Выбрать главу
Весть радостная, весть священна С берегов Москвы гремит молвой: Свершилась благодать небесна Над юною царя главой! и проч.

Понятное дело, что в трагедии все аппликации, имеющие отношения к настоящему событию, вызывали гром рукоплесканий и крики «ура!» Дивертисмент также произвел огромный эффект. Петербург ликовал и веселился на славу и был блистательно иллюминован в продолжении трех дней. 31-го августа в Таврическом дворце дан был маскарад для первых шести классов и для купечества; в иллюминованный же сад, где было несколько оркестров полковой музыки, был открыт вход для всех сословий. 2-го сентября купеческое общество давало маскарад в доме гр. Безбородко, в Почтамтской улице.

Наступила осень, обычная пора бенефисов, и театральная администрация была в большом затруднении: она не могла удовлетворить всех претендентов, не получивших, по случаю продолжительного траура, своевременно, следующих им бенефисов, а потому и предложила им бросить между собою жребий. Кому судьба поблагоприятствовала, те получили свои бенефисы в зимний сезон, а остальным пришлось их брать в летнюю пору.

Глава XVI

М. С. Щепкин в Петербурге. — Нечто о водевилях вообще и о русском в особенности. — Мелодрама Дюканжа и смерть Каменогорского.

При всем желании соблюсти хронологический порядок, я, в моих воспоминаниях, невольно делаю — «шаг вперед, да два назад»…

В 1825 году, в начале июля, приехал в Петербург, в первый раз, покойный Михаил Семенович Щепкин и с первых своих дебютов имел большой успех, несмотря на летнее время, весьма невыгодное для дебютантов, и на соперничество нашего петербургского комика Боброва, о котором я уже упоминал в прежних главах. Хотя эти два артиста и занимали одинаковое амплуа, но во многом между ними было различие. Бобров, наивной, комическою своею личностью, толстой, неуклюжей фигурой и своеобразной, безыскусственной речью, был олицетворенная простота и добродушие; он, казалось, никогда не имел намерения смешить публики, а слушая его простую речь и смотря на него, невозможно было удержаться от смеху. Этим бессознательным комизмом наш покойный Мартынов во многом походил на него.
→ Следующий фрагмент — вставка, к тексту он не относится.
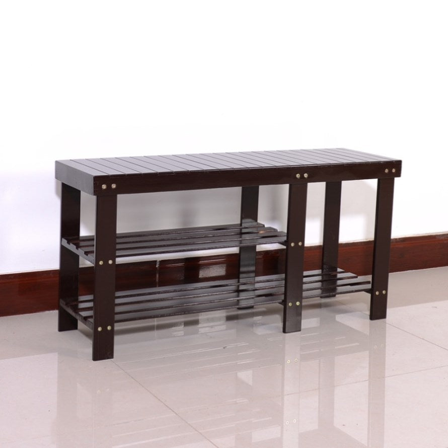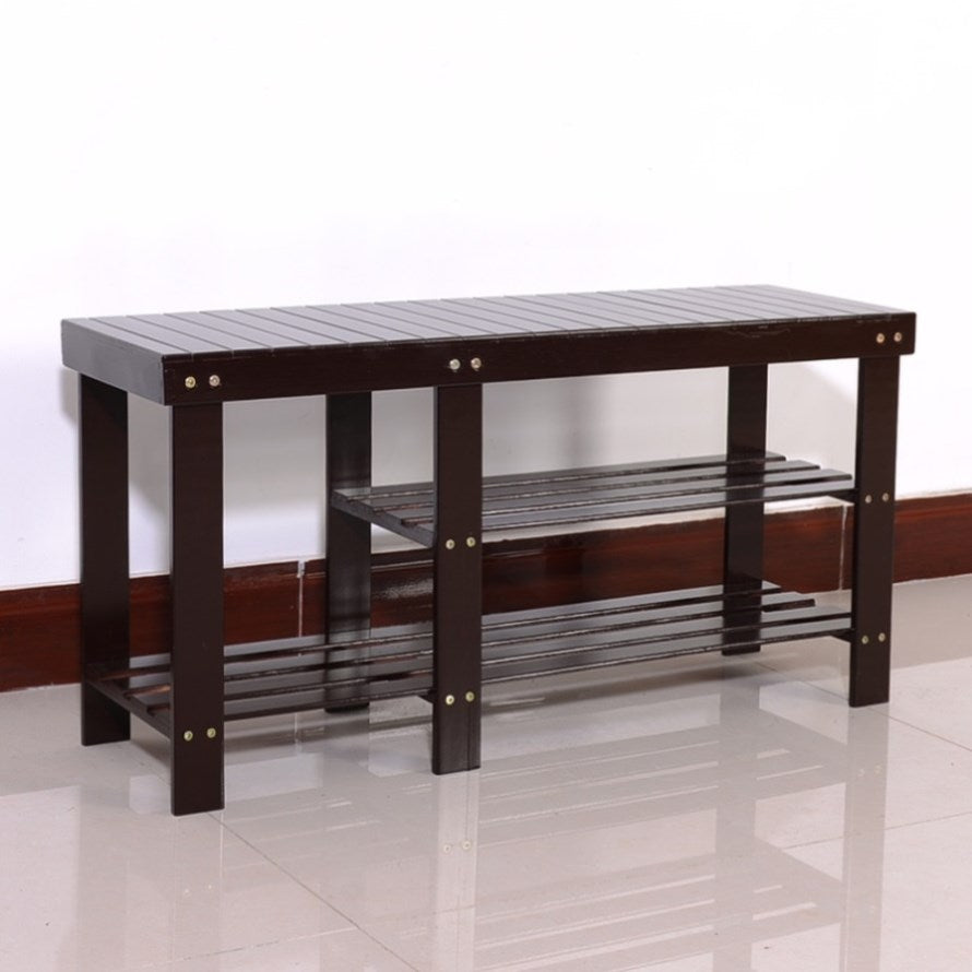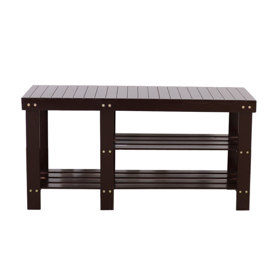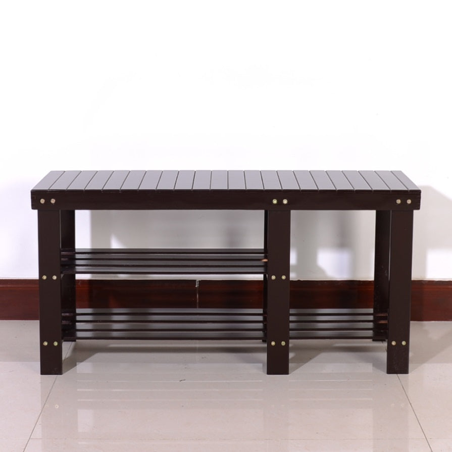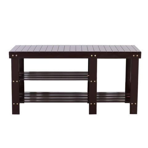 90cm Strip Type Bamboo Stool Shoe Rack with Boots Compartment Coffee 83390243
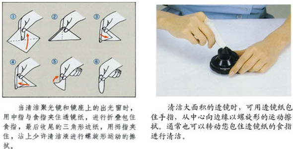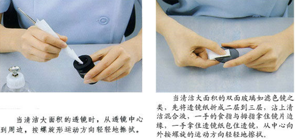 ??? 最好先用吹氣球或者吹氣槍先吹掉表面大的塵土顆粒,結(jié)合軟毛刷輕輕吹刷,因為這些顆粒往往容易劃傷鍍膜層,然后再用擦鏡紙醮取清潔液進(jìn)行擦拭??蓞⒖既缦聢D例所示方法: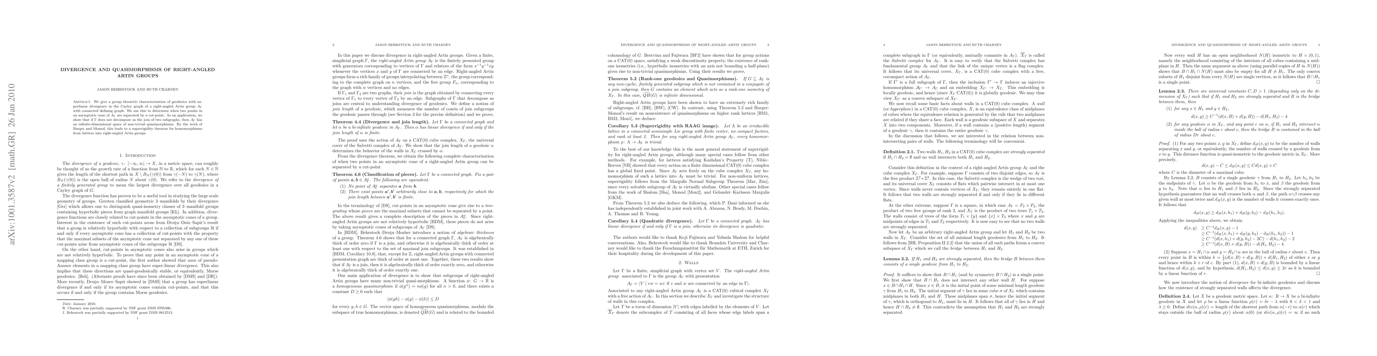 We give a group theoretic characterization of geodesics with superlinear divergence in the Cayley graph of a right-angled Artin group A(G) with connected defining graph G. We use this to determine when two points in an asymptotic cone of A(G) are separated by a cut-point. As an application, we show that if G does not decompose as the join of two subgraphs, then A(G) has an infinite-dimensional space of non-trivial quasimorphisms. By the work of Burger and Monod, this leads to a superrigidity theorem for homomorphisms from lattices into right-angled Artin groups.

Мольеровский «Мещанин во дворянстве», Скотинин (в «Недоросле»), «Бригадир» — Фонвизина и во многих других пьесах позднейшего репертуара нельзя было, казалось, представить себе другой личности, более подходящей к этим ролям. Щепкин, напротив, благообразный, кругленький старичок, живой, веселый, поворотливый, иногда плутоватый, всегда симпатично действовал на зрителей; к этому надо прибавить, что, при огромном его комическом таланте, он был наделен с избытком драматическим элементом. Он был умнее Боброва, серьезнее относился к своему искусству, и тщательно обдумывая свои роли, все их детали до мелочной подробности передавал с безукоризненной тонкостью и искусством. Еще важное имел преимущество Щепкин перед своим петербургским соперником в том, что репертуар его был разнообразнее: он играл в водевилях и мастерски передавал куплеты; а в ту пору водевили кн. Шаховского, Писарева и Хмельницкого начинали уже приобретать себе право гражданства на русской сцене.

Как жаль, что этим обоим комикам не пришлось ни разу сойтись в одной пьесе; любопытно было бы полюбоваться на их благородное соревнование.
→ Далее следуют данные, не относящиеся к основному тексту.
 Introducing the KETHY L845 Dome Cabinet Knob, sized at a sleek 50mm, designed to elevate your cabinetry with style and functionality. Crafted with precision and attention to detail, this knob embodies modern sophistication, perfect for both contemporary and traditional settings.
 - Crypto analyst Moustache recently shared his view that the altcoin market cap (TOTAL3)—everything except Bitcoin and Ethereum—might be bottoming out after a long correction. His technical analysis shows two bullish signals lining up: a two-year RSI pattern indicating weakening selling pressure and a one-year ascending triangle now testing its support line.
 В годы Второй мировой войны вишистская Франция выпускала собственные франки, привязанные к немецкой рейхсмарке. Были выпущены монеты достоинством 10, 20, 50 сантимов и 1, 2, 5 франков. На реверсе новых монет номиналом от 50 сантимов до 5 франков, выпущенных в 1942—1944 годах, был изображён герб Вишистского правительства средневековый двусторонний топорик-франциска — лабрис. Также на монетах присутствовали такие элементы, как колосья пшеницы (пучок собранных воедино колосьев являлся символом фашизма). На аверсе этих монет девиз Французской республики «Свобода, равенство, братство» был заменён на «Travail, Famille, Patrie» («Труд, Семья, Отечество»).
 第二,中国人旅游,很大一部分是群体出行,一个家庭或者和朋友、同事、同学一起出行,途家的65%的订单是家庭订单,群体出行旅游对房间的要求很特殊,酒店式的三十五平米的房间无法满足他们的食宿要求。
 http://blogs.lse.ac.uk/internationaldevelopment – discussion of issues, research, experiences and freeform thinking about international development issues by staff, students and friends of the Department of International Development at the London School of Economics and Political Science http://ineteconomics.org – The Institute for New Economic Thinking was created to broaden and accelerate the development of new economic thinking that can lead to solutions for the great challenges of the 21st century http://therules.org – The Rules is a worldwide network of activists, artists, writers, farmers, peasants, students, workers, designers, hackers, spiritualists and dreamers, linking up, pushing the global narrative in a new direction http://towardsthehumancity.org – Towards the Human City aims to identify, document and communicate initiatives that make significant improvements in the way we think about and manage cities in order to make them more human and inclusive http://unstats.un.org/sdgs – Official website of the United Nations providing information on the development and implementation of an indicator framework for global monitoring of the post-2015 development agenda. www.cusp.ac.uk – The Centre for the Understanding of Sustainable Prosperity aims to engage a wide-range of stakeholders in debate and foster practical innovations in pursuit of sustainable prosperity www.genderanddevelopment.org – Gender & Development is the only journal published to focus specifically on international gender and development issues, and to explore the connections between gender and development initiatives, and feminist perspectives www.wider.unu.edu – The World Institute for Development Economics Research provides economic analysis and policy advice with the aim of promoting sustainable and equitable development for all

Другие петербургские комики того времени, конечно, никак не могли идти в сравнение с московским знаменитым артистом; хотя актер Величкин, тогдашний любимец райской публики и занимал роли Щепкина в комедиях и водевилях, но расстояние между ними было в несколько раз более того, какое находится между партером и райком.

Когда уже сделалось известным в нашем закулисном мире, что Щепкин собирается в Петербург, актер Боченков (один из посредственных комиков) как-то раз на репетиции подошел к Величкину, который сидел повесив нос, и сказал ему:

— Плохо нам приходится с тобой, Миша; в Москве дрова рубят, а к нам щепки летят! Ну, да не горюй, нас с тобой гостинодворцы не выдадут!